Provided records section start

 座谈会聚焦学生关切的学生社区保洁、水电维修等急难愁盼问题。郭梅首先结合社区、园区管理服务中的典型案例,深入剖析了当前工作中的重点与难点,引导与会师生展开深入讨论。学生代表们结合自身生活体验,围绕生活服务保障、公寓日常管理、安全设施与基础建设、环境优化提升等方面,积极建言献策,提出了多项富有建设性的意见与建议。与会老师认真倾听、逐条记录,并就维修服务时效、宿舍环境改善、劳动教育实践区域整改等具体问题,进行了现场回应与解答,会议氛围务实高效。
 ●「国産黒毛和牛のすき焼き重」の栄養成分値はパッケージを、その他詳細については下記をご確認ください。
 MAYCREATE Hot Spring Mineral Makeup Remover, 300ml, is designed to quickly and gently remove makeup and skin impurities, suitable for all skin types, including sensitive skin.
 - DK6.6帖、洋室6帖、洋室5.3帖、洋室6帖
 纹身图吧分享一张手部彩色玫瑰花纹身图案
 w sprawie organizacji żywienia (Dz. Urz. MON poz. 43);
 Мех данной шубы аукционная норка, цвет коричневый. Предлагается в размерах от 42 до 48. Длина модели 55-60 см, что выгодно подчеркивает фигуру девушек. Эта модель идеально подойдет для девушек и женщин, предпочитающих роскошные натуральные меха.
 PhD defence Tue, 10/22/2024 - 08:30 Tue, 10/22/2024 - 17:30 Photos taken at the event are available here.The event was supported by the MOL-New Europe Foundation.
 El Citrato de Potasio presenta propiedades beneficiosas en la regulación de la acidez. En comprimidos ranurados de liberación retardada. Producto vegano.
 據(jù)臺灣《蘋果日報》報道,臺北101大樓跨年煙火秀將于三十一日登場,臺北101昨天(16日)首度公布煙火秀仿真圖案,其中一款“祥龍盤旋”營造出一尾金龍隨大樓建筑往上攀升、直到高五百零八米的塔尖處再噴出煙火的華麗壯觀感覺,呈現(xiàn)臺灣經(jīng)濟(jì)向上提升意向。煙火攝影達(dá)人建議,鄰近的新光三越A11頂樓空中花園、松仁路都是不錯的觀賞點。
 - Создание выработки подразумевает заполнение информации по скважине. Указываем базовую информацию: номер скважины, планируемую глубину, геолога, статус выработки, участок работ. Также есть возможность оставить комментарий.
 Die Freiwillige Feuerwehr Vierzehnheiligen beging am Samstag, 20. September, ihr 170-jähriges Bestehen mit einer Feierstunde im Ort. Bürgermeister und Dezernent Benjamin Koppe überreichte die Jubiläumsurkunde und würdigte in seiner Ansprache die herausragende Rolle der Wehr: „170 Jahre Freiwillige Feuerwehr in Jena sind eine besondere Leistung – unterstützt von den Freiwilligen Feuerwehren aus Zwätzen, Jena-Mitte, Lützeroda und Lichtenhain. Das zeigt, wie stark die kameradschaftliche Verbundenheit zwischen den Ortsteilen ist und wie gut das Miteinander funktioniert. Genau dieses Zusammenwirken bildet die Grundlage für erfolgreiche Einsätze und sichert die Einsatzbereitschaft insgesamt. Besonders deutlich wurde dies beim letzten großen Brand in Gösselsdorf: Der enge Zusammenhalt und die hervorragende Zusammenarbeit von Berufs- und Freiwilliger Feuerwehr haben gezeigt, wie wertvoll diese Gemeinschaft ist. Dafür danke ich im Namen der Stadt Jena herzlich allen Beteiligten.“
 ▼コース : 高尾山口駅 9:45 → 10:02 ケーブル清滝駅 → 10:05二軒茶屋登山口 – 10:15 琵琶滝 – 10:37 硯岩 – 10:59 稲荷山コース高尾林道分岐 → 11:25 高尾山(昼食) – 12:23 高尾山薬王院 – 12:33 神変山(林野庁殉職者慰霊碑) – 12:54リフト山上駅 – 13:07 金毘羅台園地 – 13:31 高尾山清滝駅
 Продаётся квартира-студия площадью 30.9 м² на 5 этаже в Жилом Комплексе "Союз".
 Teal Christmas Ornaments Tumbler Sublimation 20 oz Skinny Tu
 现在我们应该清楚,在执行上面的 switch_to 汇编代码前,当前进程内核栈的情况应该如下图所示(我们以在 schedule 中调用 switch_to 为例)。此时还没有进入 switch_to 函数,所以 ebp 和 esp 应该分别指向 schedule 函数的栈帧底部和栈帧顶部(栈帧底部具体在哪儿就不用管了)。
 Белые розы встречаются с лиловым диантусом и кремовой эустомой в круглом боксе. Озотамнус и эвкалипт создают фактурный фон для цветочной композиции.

Provided records section end

Task description
An exact copy of every record is needed, so retype them all.

Reply to the exercise
 座谈会聚焦学生关切的学生社区保洁、水电维修等急难愁盼问题。郭梅首先结合社区、园区管理服务中的典型案例,深入剖析了当前工作中的重点与难点,引导与会师生展开深入讨论。学生代表们结合自身生活体验,围绕生活服务保障、公寓日常管理、安全设施与基础建设、环境优化提升等方面,积极建言献策,提出了多项富有建设性的意见与建议。与会老师认真倾听、逐条记录,并就维修服务时效、宿舍环境改善、劳动教育实践区域整改等具体问题,进行了现场回应与解答,会议氛围务实高效。
 ●「国産黒毛和牛のすき焼き重」の栄養成分値はパッケージを、その他詳細については下記をご確認ください。
 MAYCREATE Hot Spring Mineral Makeup Remover, 300ml, is designed to quickly and gently remove makeup and skin impurities, suitable for all skin types, including sensitive skin.
 - DK6.6帖、洋室6帖、洋室5.3帖、洋室6帖
 纹身图吧分享一张手部彩色玫瑰花纹身图案
 w sprawie organizacji żywienia (Dz. Urz. MON poz. 43);
 Мех данной шубы аукционная норка, цвет коричневый. Предлагается в размерах от 42 до 48. Длина модели 55-60 см, что выгодно подчеркивает фигуру девушек. Эта модель идеально подойдет для девушек и женщин, предпочитающих роскошные натуральные меха.
 PhD defence Tue, 10/22/2024 - 08:30 Tue, 10/22/2024 - 17:30 Photos taken at the event are available here.The event was supported by the MOL-New Europe Foundation.
 El Citrato de Potasio presenta propiedades beneficiosas en la regulación de la acidez. En comprimidos ranurados de liberación retardada. Producto vegano.
 據(jù)臺灣《蘋果日報》報道,臺北101大樓跨年煙火秀將于三十一日登場,臺北101昨天(16日)首度公布煙火秀仿真圖案,其中一款“祥龍盤旋”營造出一尾金龍隨大樓建筑往上攀升、直到高五百零八米的塔尖處再噴出煙火的華麗壯觀感覺,呈現(xiàn)臺灣經(jīng)濟(jì)向上提升意向。煙火攝影達(dá)人建議,鄰近的新光三越A11頂樓空中花園、松仁路都是不錯的觀賞點。
 - Создание выработки подразумевает заполнение информации по скважине. Указываем базовую информацию: номер скважины, планируемую глубину, геолога, статус выработки, участок работ. Также есть возможность оставить комментарий.
 Die Freiwillige Feuerwehr Vierzehnheiligen beging am Samstag, 20. September, ihr 170-jähriges Bestehen mit einer Feierstunde im Ort. Bürgermeister und Dezernent Benjamin Koppe überreichte die Jubiläumsurkunde und würdigte in seiner Ansprache die herausragende Rolle der Wehr: „170 Jahre Freiwillige Feuerwehr in Jena sind eine besondere Leistung – unterstützt von den Freiwilligen Feuerwehren aus Zwätzen, Jena-Mitte, Lützeroda und Lichtenhain. Das zeigt, wie stark die kameradschaftliche Verbundenheit zwischen den Ortsteilen ist und wie gut das Miteinander funktioniert. Genau dieses Zusammenwirken bildet die Grundlage für erfolgreiche Einsätze und sichert die Einsatzbereitschaft insgesamt. Besonders deutlich wurde dies beim letzten großen Brand in Gösselsdorf: Der enge Zusammenhalt und die hervorragende Zusammenarbeit von Berufs- und Freiwilliger Feuerwehr haben gezeigt, wie wertvoll diese Gemeinschaft ist. Dafür danke ich im Namen der Stadt Jena herzlich allen Beteiligten.“
 ▼コース : 高尾山口駅 9:45 → 10:02 ケーブル清滝駅 → 10:05二軒茶屋登山口 – 10:15 琵琶滝 – 10:37 硯岩 – 10:59 稲荷山コース高尾林道分岐 → 11:25 高尾山(昼食) – 12:23 高尾山薬王院 – 12:33 神変山(林野庁殉職者慰霊碑) – 12:54リフト山上駅 – 13:07 金毘羅台園地 – 13:31 高尾山清滝駅
 Продаётся квартира-студия площадью 30.9 м² на 5 этаже в Жилом Комплексе "Союз".
 Teal Christmas Ornaments Tumbler Sublimation 20 oz Skinny Tu
 现在我们应该清楚,在执行上面的 switch_to 汇编代码前,当前进程内核栈的情况应该如下图所示(我们以在 schedule 中调用 switch_to 为例)。此时还没有进入 switch_to 函数,所以 ebp 和 esp 应该分别指向 schedule 函数的栈帧底部和栈帧顶部(栈帧底部具体在哪儿就不用管了)。
 Белые розы встречаются с лиловым диантусом и кремовой эустомой в круглом боксе. Озотамнус и эвкалипт создают фактурный фон для цветочной композиции.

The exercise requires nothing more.